1. CAs (or CA-analogues) should be relied upon to provide cryptographic assertions that bind public key(s) to domain name(s)

2. The size of transmitted public keys and signatures should be kept as small as possible

3. Fast certificate issuance must be supported, but designs may also offer slower issuance paths that provide different tradeoffs

4. Certificate issuance should be publicly transparent

5. Old clients must be supported, but designs may favor modern/updated clients

6. PKIs should be able to change and evolve without conflicting with server availability

7. Servers must have some mechanism to interoperate with all supported clients.

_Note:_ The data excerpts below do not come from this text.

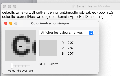 defaults -currentHost write -globalDomain AppleFontSmoothing -int 0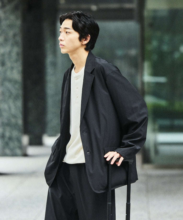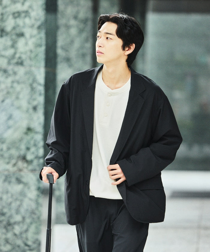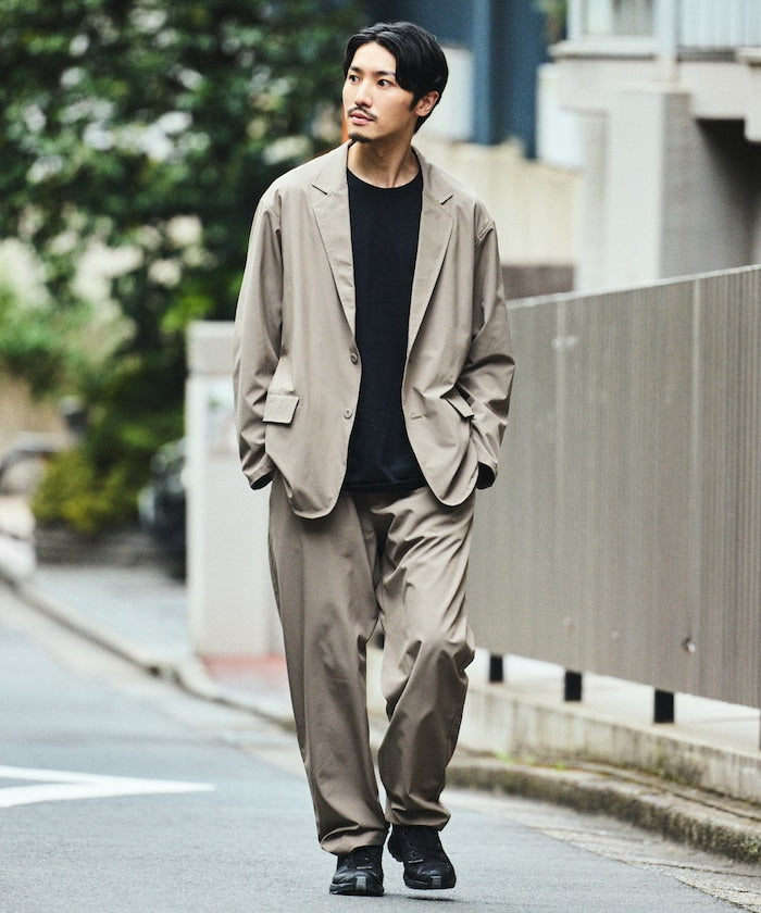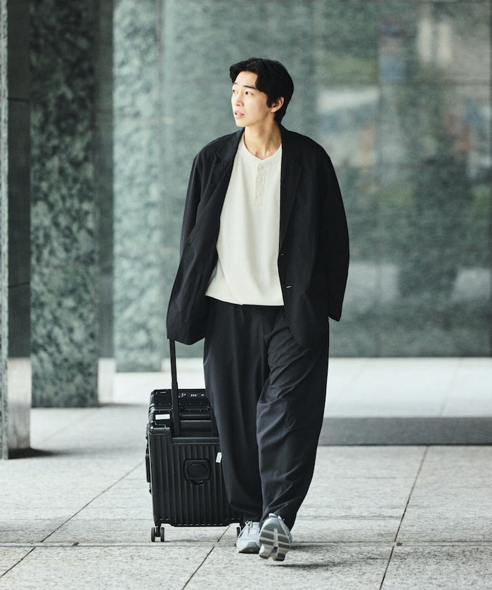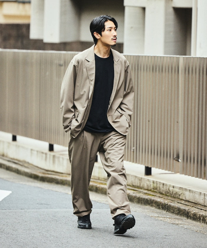 採用兼具優異防潑水性與高彈性的全新素材,高度機能設計,搭配多種巧思細節的套裝,外套內側設有多個口袋,下身為舒適的鬆緊腰設計,搭配寬版錐形輪廓的版型,不僅能成套著用,單品單穿也同樣實用,無論旅行、日常或各種場合,都能輕鬆穿搭。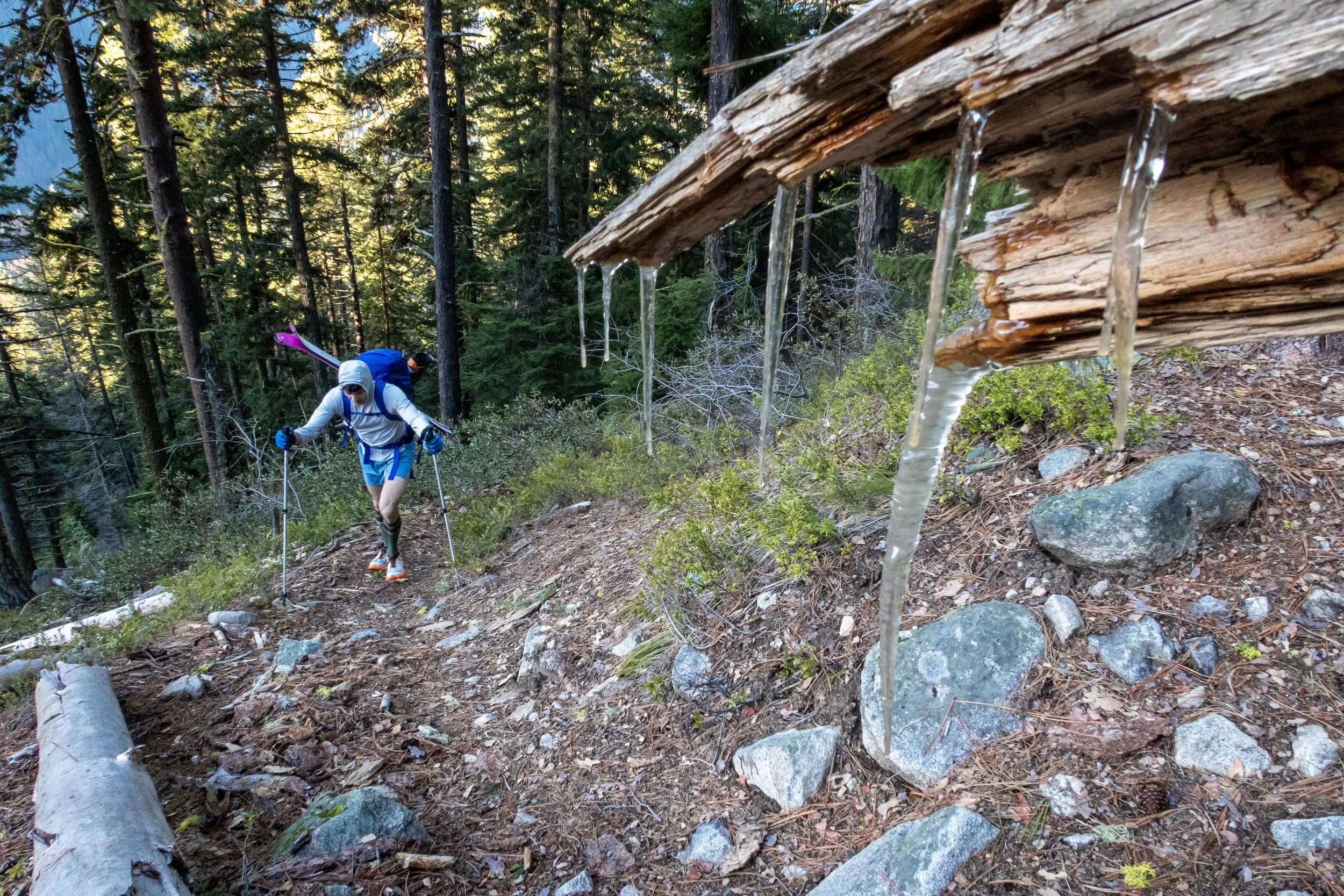 Matt, legs freed of their prisons/pants, charges up the Chatter Creek trail in the early morning, with some nice icicles on a fallen log.
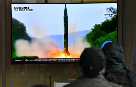 | Des habitants sud-coréens suivent le tir des missiles de la RPDC via un écran à la gare de Séoul. |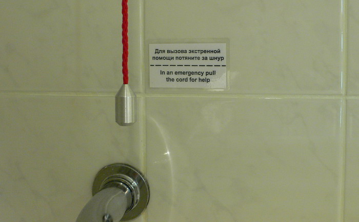 Лежа в ванной, я также размышлял о предназначении этого красного шнурка. Мне кажется, он для тех случаев, когда человек падает на кафель и хочет помощи.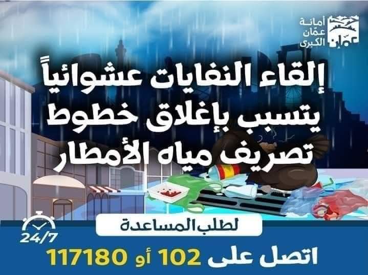 كما طالبت التجار باتخاذ إجراءات وقائية لحماية البضائع والمتاجر من مياه الامطار، وعدم القاء النفايات والانقاض عشوائيا لتجنب إغلاق شبكة تصريف مياه الأمطار.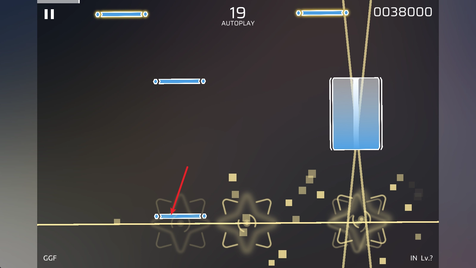 接下来是长按音符,也就是这种长柱形状的,要在它到达判定线时按住,一直到它消失为止。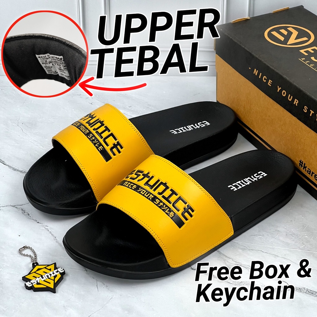 Sandal slop untuk kamu yang ingin tampil gaya. Selain nyaman, model yang simpel dan tulisan yang kekinian membuat sandal ini sangat digemari oleh pria maupun wanita.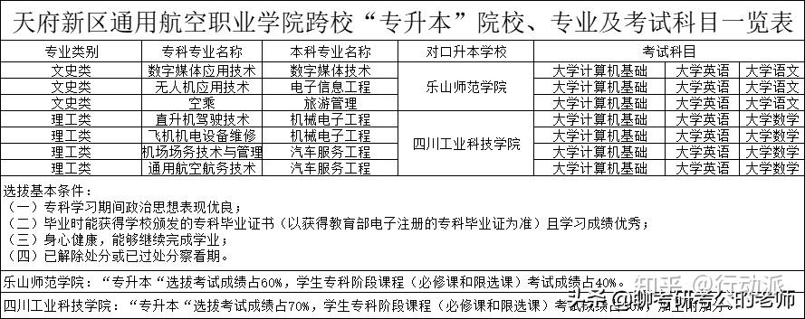 天府新区通用航空职业学校跨校“专升本”院校、专业及考试科目一览表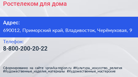 Ростелеком для дома по адресу 690012, Приморский край, Владивосток, Черёмуховая, 9 в дальнейшем Организация, размещена в следующих категориях: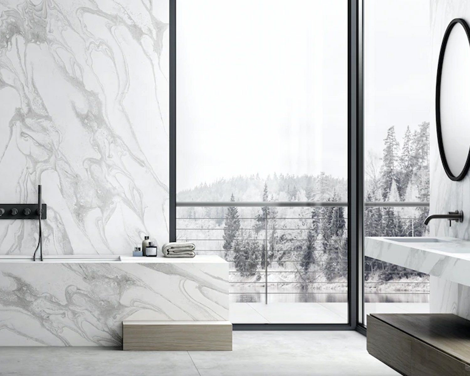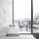 A swirling, marbled, cloud-like pattern which celebrates the scientific principles of fluid dynamics. Liquid Sky’s unique characteristics consist of a white base with flowing grey veins. The design explores the movement of gravity, the interplay of the elements, their matter, and pays homage to swirling energy and perpetual motion.

8. Online trusted key material should have a limited lifetime

9. Adding new services in the critical path for certificate issuance should be avoided or mitigated

10. Clients must be able to connect to servers without connectivity to additional services

11. The set of domain names visited by a user must be considered privacy-sensitive

Our Projects

Trust Anchor Negotiation

Trust Anchor Identifiers (TAI): A TLS extension that allows TLS relying parties to communicate information about what trust anchors (i.e. root certification authorities) it trusts to facilitate certificate selection. TAI expresses these trust anchors in a TLS extension that is similar to the existing certificate_authorities TLS extension, but uses significantly fewer bytes to express this information. Additionally, this specifies a way for TLS servers to advertise their supported certification paths in DNS or in connection set up, so that TLS clients may choose a supported option, if available.

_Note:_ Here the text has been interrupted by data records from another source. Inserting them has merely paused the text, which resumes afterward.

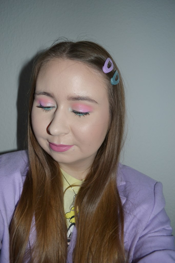 (Base: primer – NYX The Marshmellow Primer, foundation – Maybelline Dream Urban Cover foundation (shade: 100 Warm Ivory), concealer – L’Oréal Infaillible More Than Concealer (shade: 322 Ivory), powders – Essence Brighten Up! Banana powder in 10 Bababanana + Jeffree Star Magic Star Setting Powder in Fair. Face make-up: bronzer – Essence Hello, Good Stuff! matte & glow bronzer in 10 Cocoa-Cool, blusher – Clinique Cheek Pop blush in 08 Melon Pop, highlighter – Soda #babygethigher Pressed Highlighter in 102. Eye make-up: base – MAC Pro Longwear Paint Pot in Painterly, eyeshadows – BH Cosmetics Lost In Los Angeles palette (shades: The Abbey + WeHo + 90210 + The Hills + Lax + Rush Hour), mascara – Maybelline Lash Sensational Sky High mascara, eyeliner – LA Girl Shockwave Neon Liner (shade: Fresh). Eyebrows: Maybelline Brow Ultra Slim pencil in Medium Brown + MAC Brow Set in Clear. Lips: L.A. Girl Perfect Precision lip liner in Pinky + MAC Barbiestyle lipstick)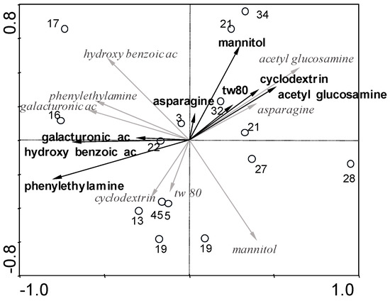 Principal component analysis (PCA) ordination diagram of individual substrates in Biolog and SIR with the options “standardization of sites” and “centering by substrate”. Circles represent individual sites. Narrow arrows represent substrates, bold arrows represent environmental variables. age: site age, C ox: oxidizable carbon, litter: litter mass, root: root mass, methyl glucoside: β-methyl-D-glucoside, galactonic ac lactone: D-galactonic acid g-lactone, arginine: L-arginine, pyruvic ac methyl ester: pyruvic acid methyl ester, xylose: D-xylose, galacturonic ac: D-galacturonic acid, asparagine: L-asparagine, tw40: tween 40, erythritol: i-erythritol, 2-hydroxy benzoic ac: 2-hydroxy benzoic acid, phenylalanine: L-phenylalanine, tw80: tween 80, mannitol: D-mannitol, hydroxy benzoic ac: 4-hydroxy benzoic acid, serine: L-serine, cyclodextrin: α-cyclodextrin, acetyl glucosamine: N-acetyl-D-glucosamine, hydroxybutyric ac: γ-hydroxybutyric acid, threonine: L-threonine, glucosaminic ac: D-glucosaminic acid, itaconic ac: itaconic acid, glycyl glutamic ac: glycyl-L-glutamic acid, cellobiose: D-cellobiose, glucose phosphate: glucose-1-phosphate, keto butyric ac: α-keto butyric acid, lactose: α-D-lactose, glycerol phosphate: D,L-α-glycerol phosphate, malic ac: D-malic acid.
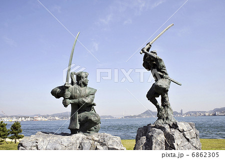 下関 巌流島の戦い 武蔵と小次郎像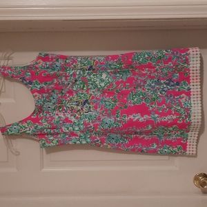 Lilly Pulitzer hot pink dress with green and blue floral print size 4 short mini dress sleeveless 32.5 in length 36 bust waist 31

Trust Expressions (TE): A TLS extension and supporting mechanisms to allow TLS relying parties to communicate an entire set of trust anchors using named, versioned aliases that refer to widely-deployed trust stores. In order for TLS subscribers to interpret these aliases, Trust Expressions describes a new document called Trust Store Manifests, which describe the contents of a trust store over time. This information gets consumed by certification authorities and appended to certificates at issuance time, so that these aliases can be interpreted correctly.

Non-X.509 PKIs

Merkle Tree Certificates (MTC): A new type of certificate that integrates issuance transparency directly into the certificate issuance process at the cost of increased issuance time, additional complexity at the CA, and the introduction of a new type of transparency service that verifies issuance behavior and communicates fresh, short-lived trust anchor information to relying parties.